One of Grid’s defining features is that there are no code changes needed when training! This is a huge benefit for data scientists who want to take a model and just push it to the cloud. 

Grid makes this process simple: it provides a wide variety of infrastructure options that include CPU or GPU instances to tackle any workload. Datastores are also available to capture all resources from one location, and interactive Grid Sessions give users the dashboard capability in one UI.

Grid works, it scales, and it meets the needs of data scientists, researchers, engineers, and other users focused on bringing machine learning projects to life.

Grid’s Mission

Grid’s goal is to eliminate the burden of managing infrastructure in order to rapidly prototype and train models in an effort to reduce the time spent in the model development lifecycle. Grid meets this goal by maintaining three core pillars:

  1. Community engagement. We’re always working to build products that solve your problems, and we always encourage users to get in touch with feedback.
  2. Research and development. We maintain our commitment to excellence leveraging state-of-the-art tools and industry knowledge to make products that empower our users.
  3. Constant innovation. We build products that are useful both now and in the long term. By vigilantly evaluating customer needs and user experience, Grid delivers innovative features critical to the future of the industry.

Grid Features

Grid’s core features are:

  1. Datastores. Data storage that is shareable between teams and mountable to both Runs and Sessions.
  2. Runs. Transient jobs that will run your Python, Julia, or R code and store the resulting artifacts for downloads.
  3. Sessions. Interactive Jupyter notebook environments capable of running Python, Julia, and R code. This feature is designed for iteration and prototyping with the ability to pause without losing any work.
  4. Artifact management. Grid offers the ability to manage and download the artifacts created from model training.
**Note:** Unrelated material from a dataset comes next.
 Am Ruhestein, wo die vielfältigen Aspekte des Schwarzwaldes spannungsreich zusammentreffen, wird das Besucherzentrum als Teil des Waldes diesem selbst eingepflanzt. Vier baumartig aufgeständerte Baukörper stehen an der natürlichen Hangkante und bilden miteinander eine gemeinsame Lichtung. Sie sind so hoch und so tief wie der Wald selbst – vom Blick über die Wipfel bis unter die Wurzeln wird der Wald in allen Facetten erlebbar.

As a platform, Grid enables users to scale their workflow and facilitates faster model training. 

We do this by being:

  1. Bigger. Train and scale models using Grid Runs, Sessions and a variety of Cloud-based infrastructure.
  2. Faster. Quickly develop models with one-click access to scalable compute and the ability to run parallel hyperparameter search.
  3. Easier. You don’t need to remember thousands of commands from different environments in order to train a model, generate Artifacts, and increase replicability.

“The intangible value of Grid: I am a happier data scientist because I get to focus on the stuff that I love to work on, and ultimately the reasons that they hired me, which is to research and develop models and translate real world problems in podtech into machine learning products. I think it presents a justification for machine learning engineers and data scientists to focus on what we were hired to do, rather than spinning our wheels on infrastructure.” Chase Bosworth, Machine Learning Engineering Manager (Spotify x Podsights)
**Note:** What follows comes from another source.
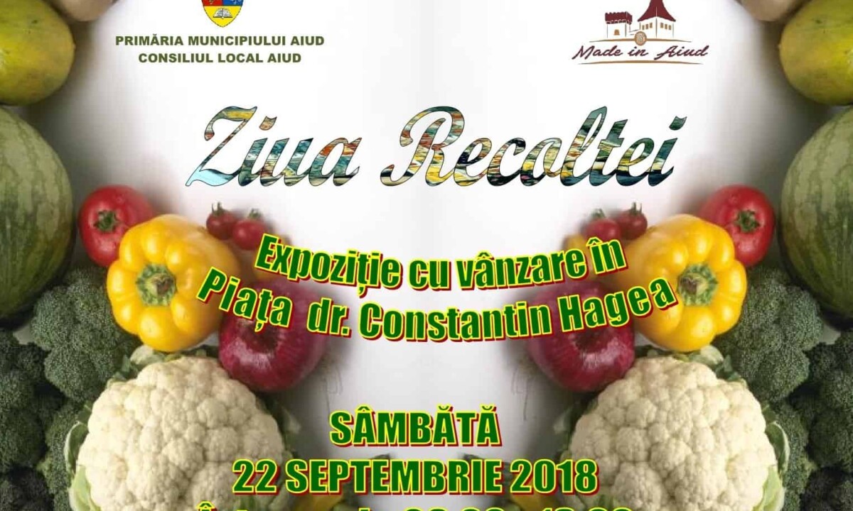 Primăria municipiului Aiud organizează sâmbătă, 22 septembrie, începând cu ora 8.00, în Piața Dr. Constantin Hagea, evenimentul ”Ziua Recoltei”.

So, that’s it in a nutshell! Interested in learning more about how Grid can help you manage machine learning model development for your next project? Get started with Grid’s free community tier account (and get $25 in free credits!) by clicking here. Also, explore our documentation and join the Slack community to learn more about what the Grid platform can do for you.

Happy Grid-ing!

Creating Runs & Attaching Datastores

Overview of Runs

When you’re ready to train your models at scale, you can use Runs. A Run is a collection of experiments.
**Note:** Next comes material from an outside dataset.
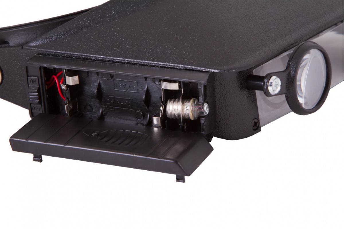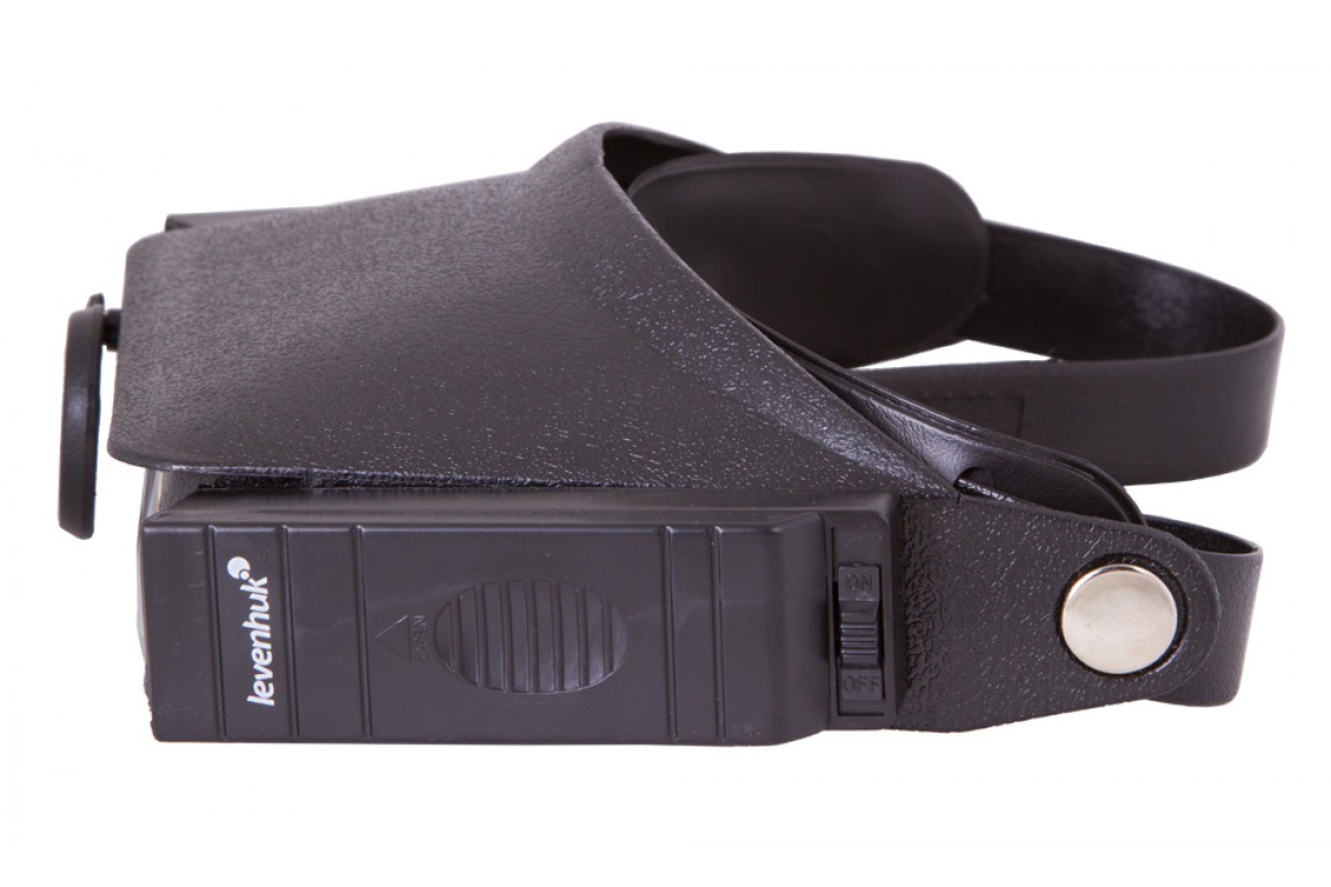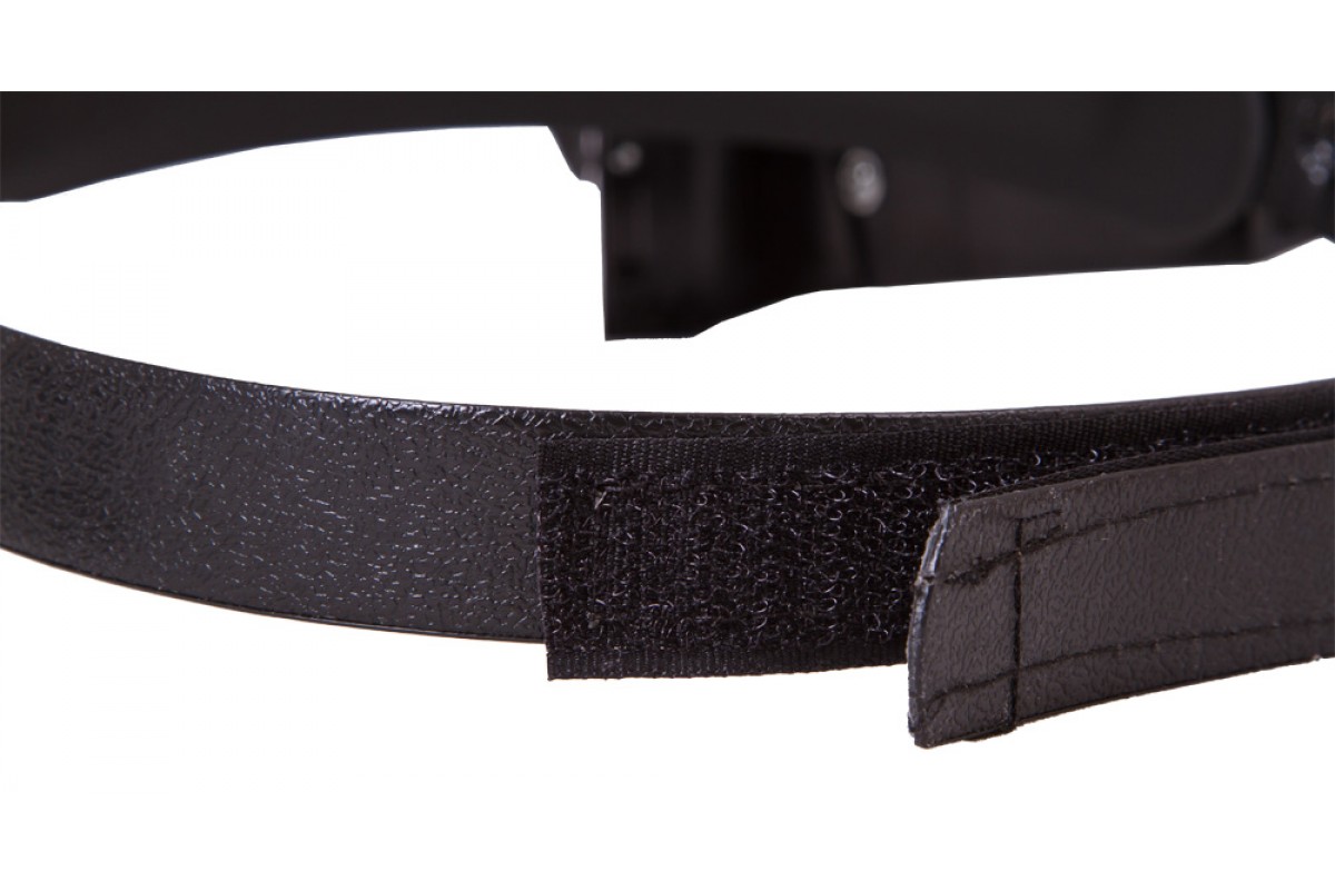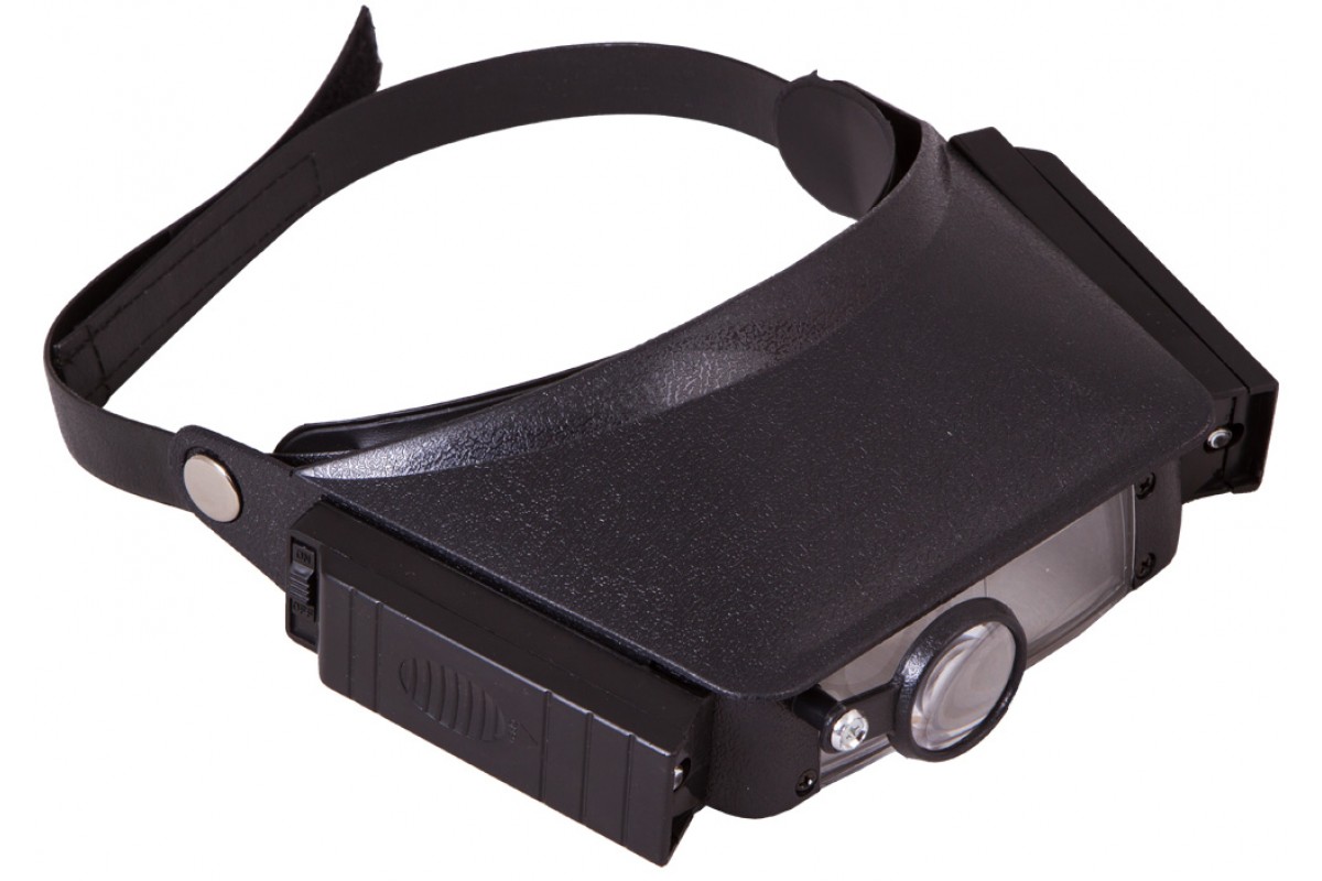 Лупа налобная – она фиксируется на голове при помощи гибкого ремня на липучке. Длина налобного ремня регулируется, поэтому надежно закрепить лупу не составит труда. Для работы в темных или плохо освещенных помещениях лупа имеет встроенную подсветку. Это два ярких светодиода, расположенные справа и слева от основной линзы. Светодиоды работают от батареек типа ААА (в комплект не входят).

Runs allow you to scale your machine learning code to hundreds of GPUs and model configurations without needing to change a single line of code. Grid Runs support all major machine learning frameworks, enabling full hyperparameter sweeps, native logging, artifacts, and Spot Instances all out of the box without the need to modify a single line of machine learning code.

Runs are “serverless”, which means that you only pay for the time your scripts are actually running. When running on your own infrastructure, this results in massive cost savings.

Grid Runs respect the use of .ignore files, which are used to tell a program which files it should ignore during execution. Grid gives preference to the .gridignore file. In the absence of a .gridignore file, Grid will concatenate the .gitignore and .dockerignore files to determine which files should be ignored. When creating a run, you do not have to provide these files to the CLI or UI – they are just expected to reside in the project root directory.

Note: The examples used in this tutorial assume you have already installed and set up Grid. If you haven’t done this already, please visit The First TIme You Use Grid to learn more. 

How to Create Runs

Runs are customizable and provide serverless compute. Here, we cover all available methods to customize Runs for any specific use case. The examples in this tutorial cover the following:

  1. Creating vanilla Runs
  2. Creating Runs with script dependencies
    1. Handling requirements
    2. Runs with specified requirements.txt
    3. Runs with specified environment.yml
  3. Attaching Datastores to Runs
  4. Interruptible Runs

Creating Vanilla Runs

A “vanilla” Run is a basic Run that only executes a script. This hello_world repo will be used in the following example.

git clone
cd features-intro/runs
grid run --name hello

The above code is passing a script named to the Run. The script will print out ‘hello_world’.

For instructions on how to view logs, check out viewing logs produced by Runs.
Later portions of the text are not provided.